1 Introduction

Control chart pattern (CCP) provides the condition of the process of consideration hence it has been used as a diagnostic tool in maintaining the quality of the process. Generally, a process is considered as out-of-control under two different appearances either sampled data of interest appears beyond the defined control limit or there is unnatural behavior appear in the pattern. It’s easy to detect the defect in the former case while it’s difficult to recognize the latter case condition because of inherent random noise. There are different possibilities of control chart patterns exist, among them there are six basics patterns exist [1] e.g. normal (NOR), cyclic (CYC), increasing trend (UT), decreasing trend (DT), upward shift (US) and downward shift (DS), as shown in Fig. 1 while other possibilities are derived from these six patterns as shown in Fig. 2. Except for the normal pattern, all other patterns are the indication of some kind of problem in the process, hence, it is very necessary to recognize the pattern precisely and efficiently to maintain the desired level of quality as well as reduce the cost.
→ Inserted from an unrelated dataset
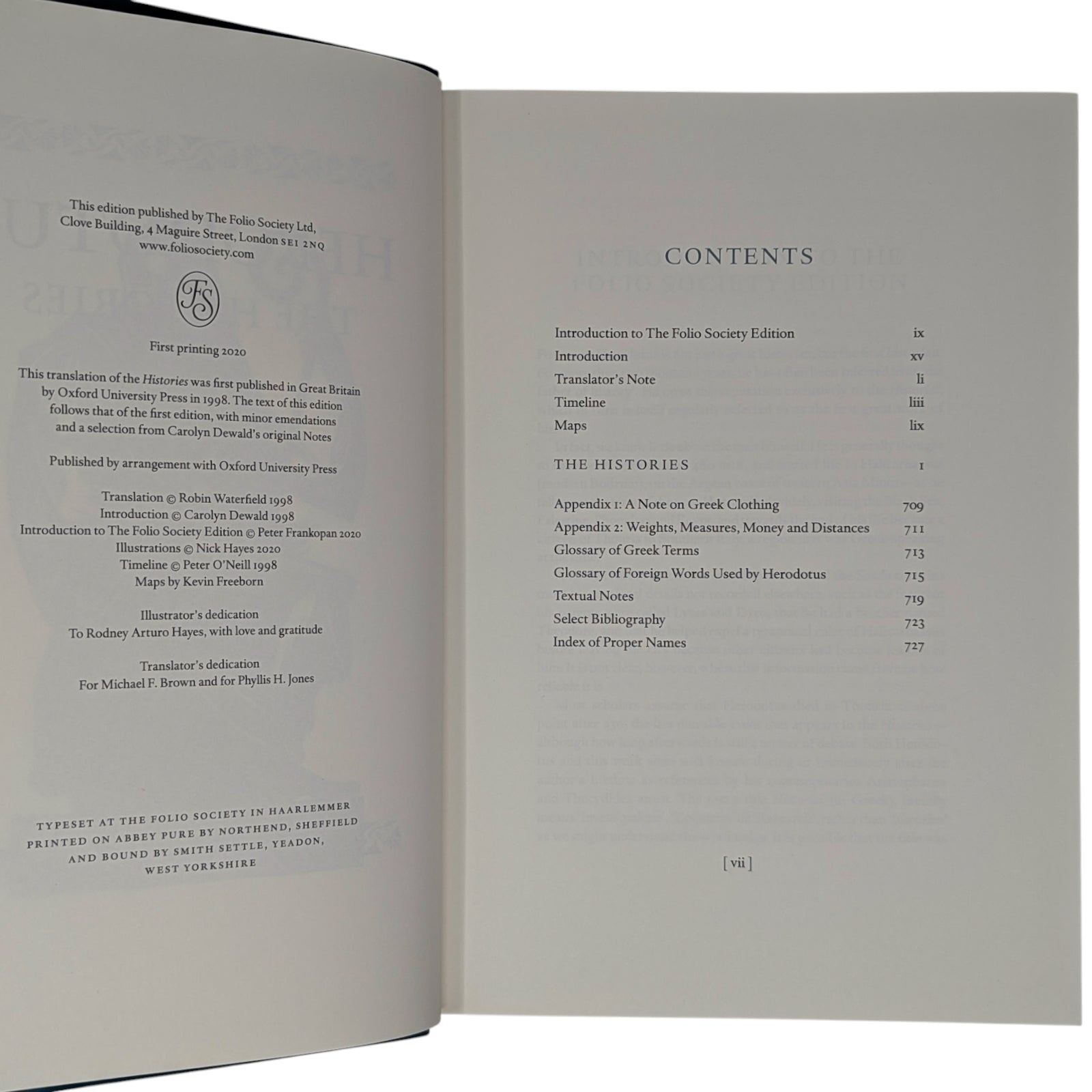 Bound by Smith Settle in Yorkshire in full-grain leather blocked in gold and black foils with a design by Nick Hayes. Limitation tip blocked in gold foil signed by Robin Waterfield, Nick Hayes and Peter Frankopan. Translated by Robin Waterfield. Introduced by Peter Frankopan. Editorial material by Carolyn Dewald Frontispiece and nine two-colour illustrations by Nick Hayes. Two two-colour maps. 824 pages set in Haarlemmer. Printed on Abbey Pure paper. Woodstock endpapers printed in gold with a design by Nick Hayes. Gilded page tops. Ribbon marker. 11½" x 8". Presented in a cloth-covered slipcase blocked with a design by Nick Hayes Slipcase lining printed with a design by Nick Hayes.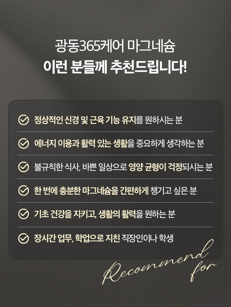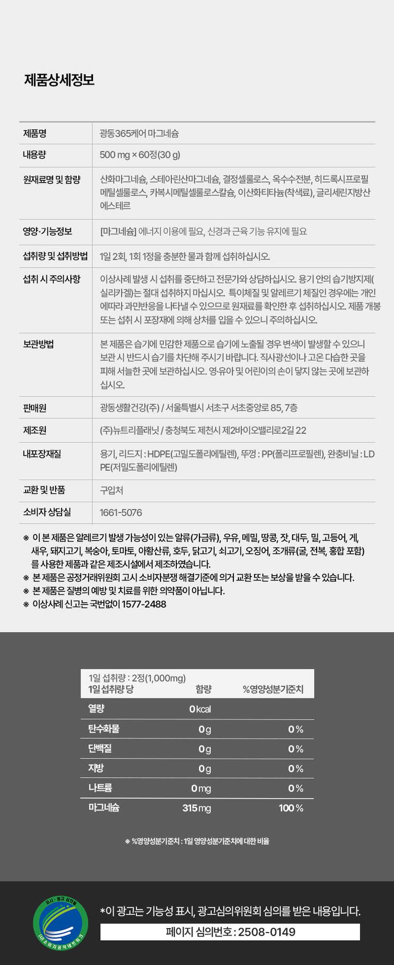 | 1. 제품명 | 광동365케어 마그네슘 |

There are some methods like zone test or run rules available to recognize the CCPs but they carry high false alarms. Right detection of patterns not only provides the in-control/out-of-control but also knowledge of abnormality in patterns can help to understand the possible reason of cause. This makes troubleshooting process more efficient. Recently, the focus of research has shifted towards automated recognition of CCPs through the intelligent algorithmic approach. Different possibilities of the solution have been explored in the past like rule-based solution which mainly derived from the statistical characteristics of different patterns or computational intelligent based solution which mainly extract the features from patterns to classify the different types of pattern class. It was observed that statistical overlapping of pattern features may cause poor efficiency in the rule-based solution while computational intelligence-based solution like artificial neural network (ANN), extract and learn the features from the pattern directly. In the past, most of the research has considered the single abnormality in the control chart patterns [1,2,3]. But there may be a number of reasons that appeared abnormalities are the mixture of these single abnormalities [4, 16]. It is obvious that recognition of mix patterns is more challenging.

Fig. 1
figure 1

Six basic patterns in the control chart pattern

Fig. 2
figure 2

Mix abnormal patterns in the control chart pattern

In this paper, an adaptive form of radial basis function network has applied for directly driven recognition of ten different possibilities of the control chart pattern. Six fundamental categories of patterns as shown in Fig. 1 and four mix categories of patterns as shown in Fig. 2 have considered in the training and test data set. Stochastic gradient descent based adaptiveness of Gaussian kernel function parameters (center position and function spreadness) have applied in each iteration of learning so that available features in input data could extract more easily and appropriate manner. It was observed that with the very small size of the training data set, robust recognition performance has been achieved over a very large test dataset. Obtained performance from the proposed method has shown superior outcome in compared to feature based recognition solution and other results available in the recent literature.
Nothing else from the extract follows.